Top of DATASET EXTRACT

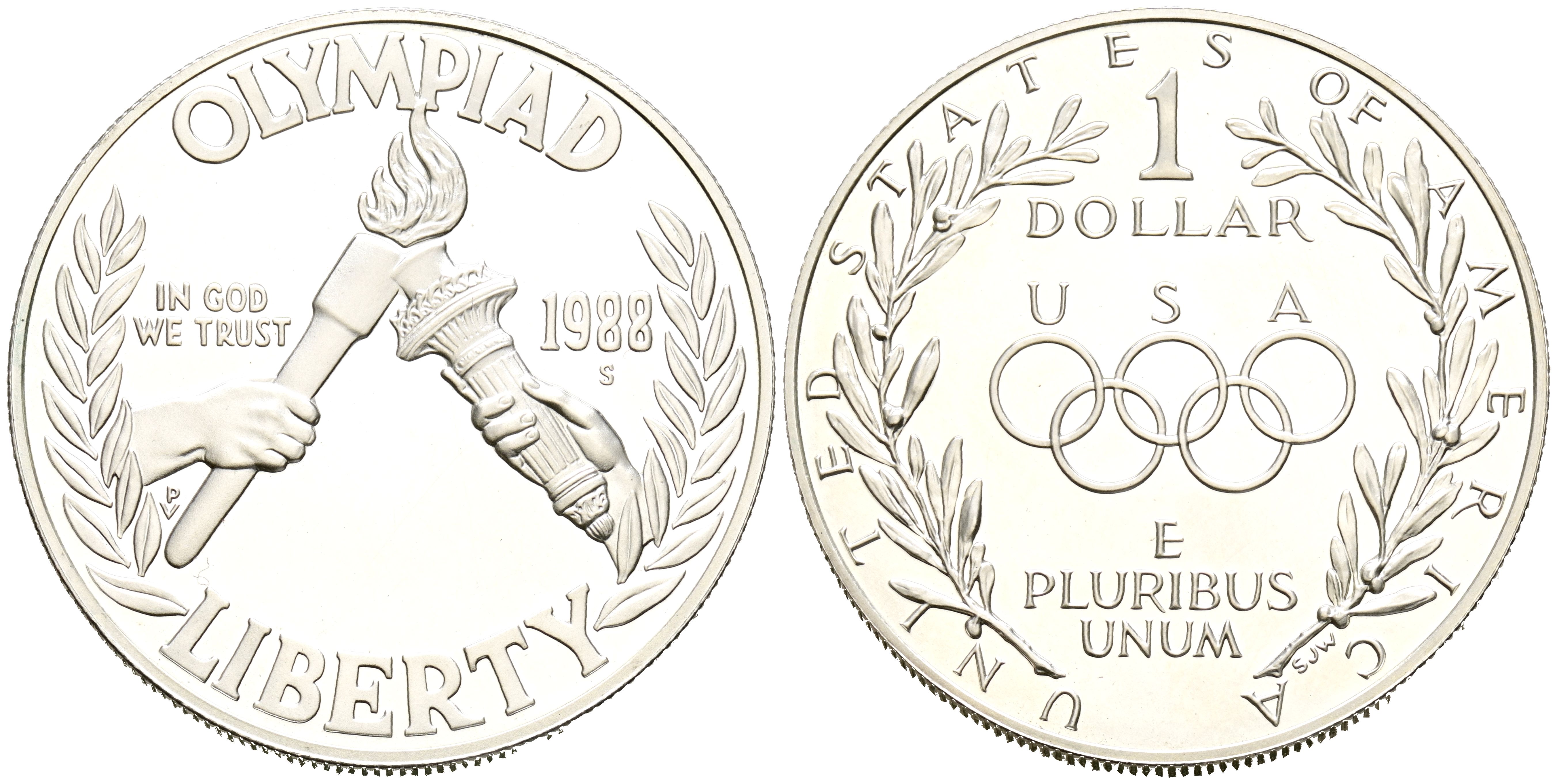 ESTADOS UNIDOS. 1 Dollar. (Ar. 26,74g/38mm). 1988. San Francisco S. Juegos Olímpicos Seúl´88. (Km#222). PROOF. Leves rayitas.
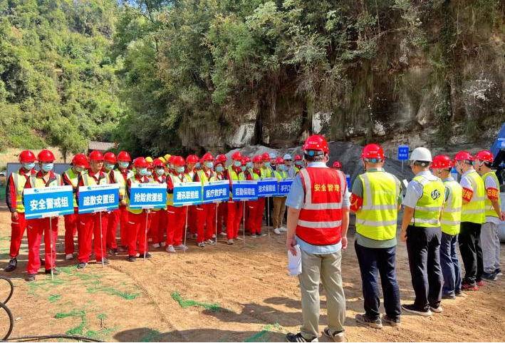 此次演練主要有演練動員、現(xiàn)場演練、演練總結(jié)三個環(huán)節(jié),包含了應(yīng)急預(yù)案啟動、人員疏散、機(jī)械撤離、隧洞洞口封堵等四個場景。
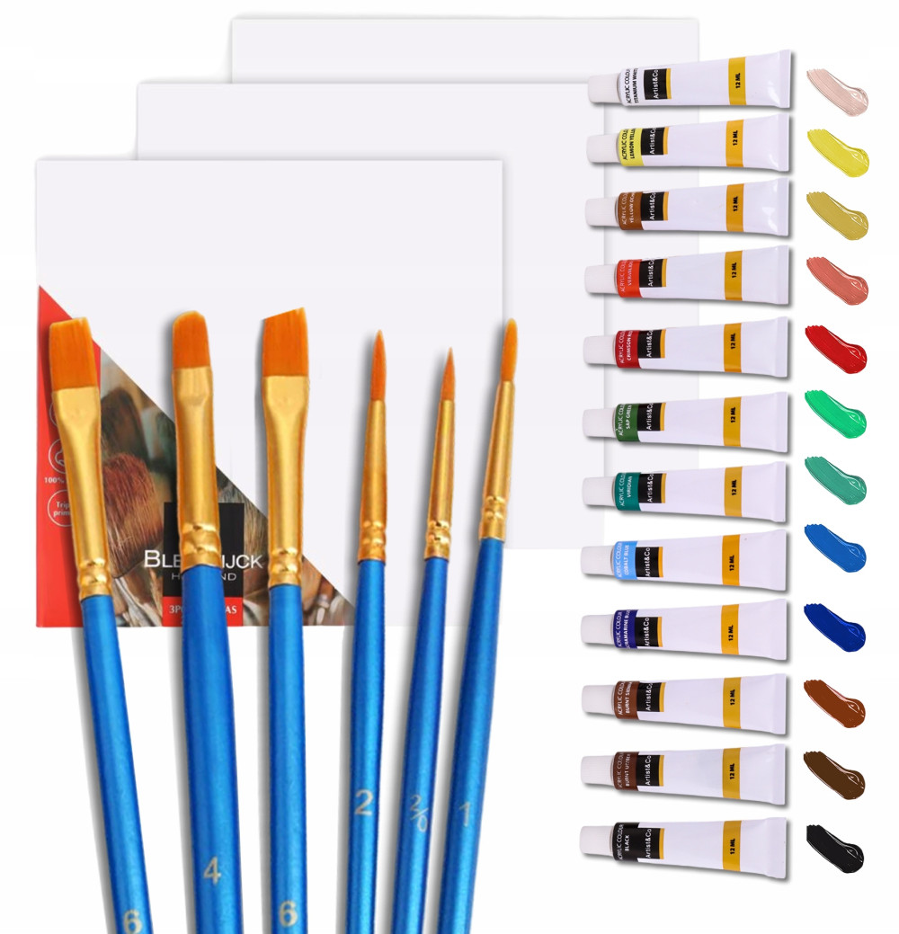 ZESTAW DO MALOWANIA FARBY AKRYLOWE PĘDZLE PŁÓTNO
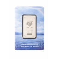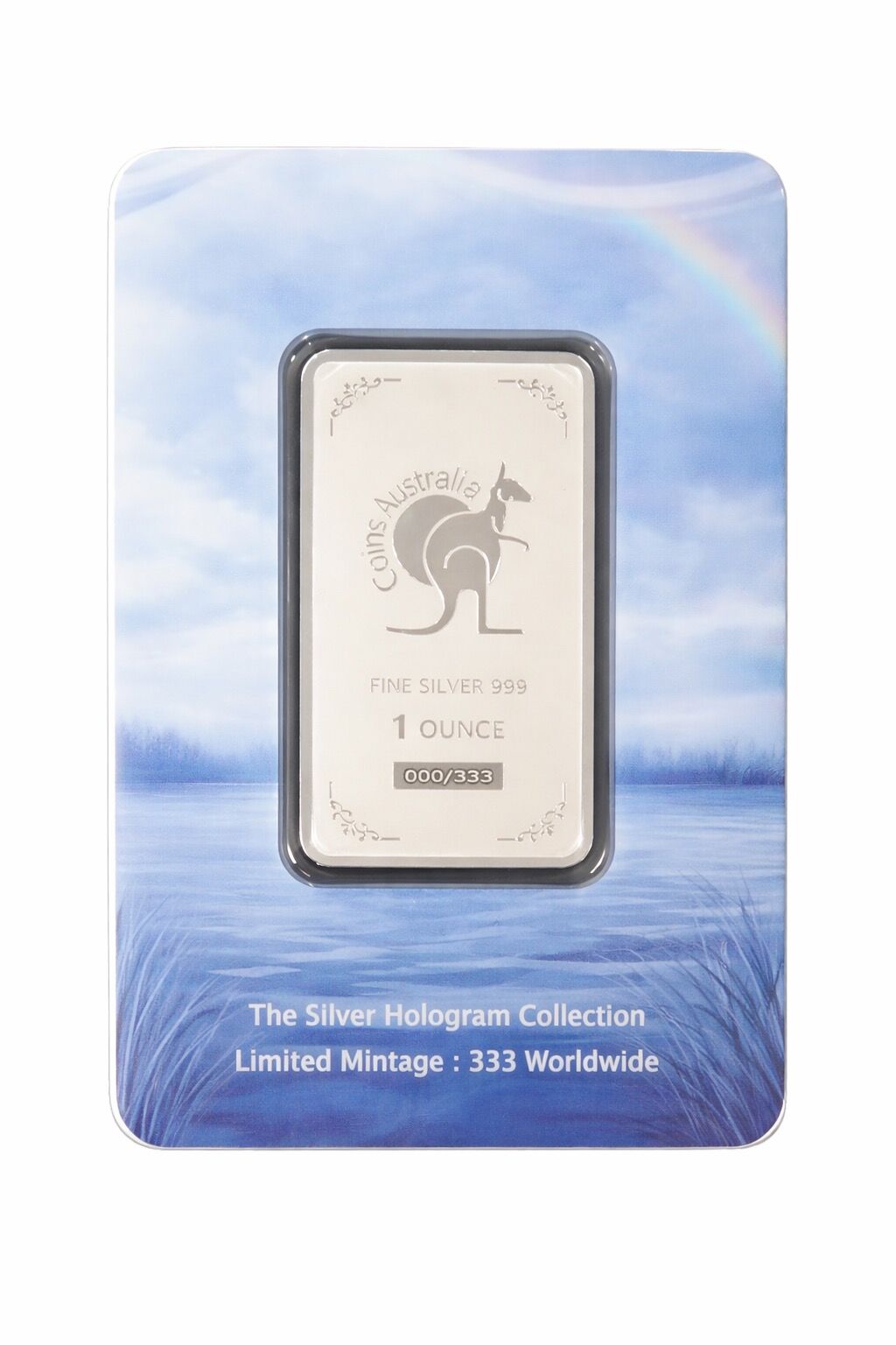 The reverse displays the official Coins Australia branding with a classic kangaroo logo, “FINE SILVER 999”, “1 OUNCE”, and the individual serial number (e.g. 000/333). Each bar is housed in a premium, full-colour illustrated tamper-evident card featuring a serene lakeside scene with rainbow skies, perfectly complementing the holographic design. This is a true collector’s piece that combines exquisite artistry, cutting-edge hologram finishing, and extreme rarity.

Bottom of DATASET EXTRACT

WORK TASK:
The output must match, line for line, the span from the line containing "ZESTAW DO MALOWANIA" through the end of the data, with the pictures removed.

RESULT FOR THIS TASK:
 ZESTAW DO MALOWANIA FARBY AKRYLOWE PĘDZLE PŁÓTNO
 The reverse displays the official Coins Australia branding with a classic kangaroo logo, “FINE SILVER 999”, “1 OUNCE”, and the individual serial number (e.g. 000/333). Each bar is housed in a premium, full-colour illustrated tamper-evident card featuring a serene lakeside scene with rainbow skies, perfectly complementing the holographic design. This is a true collector’s piece that combines exquisite artistry, cutting-edge hologram finishing, and extreme rarity.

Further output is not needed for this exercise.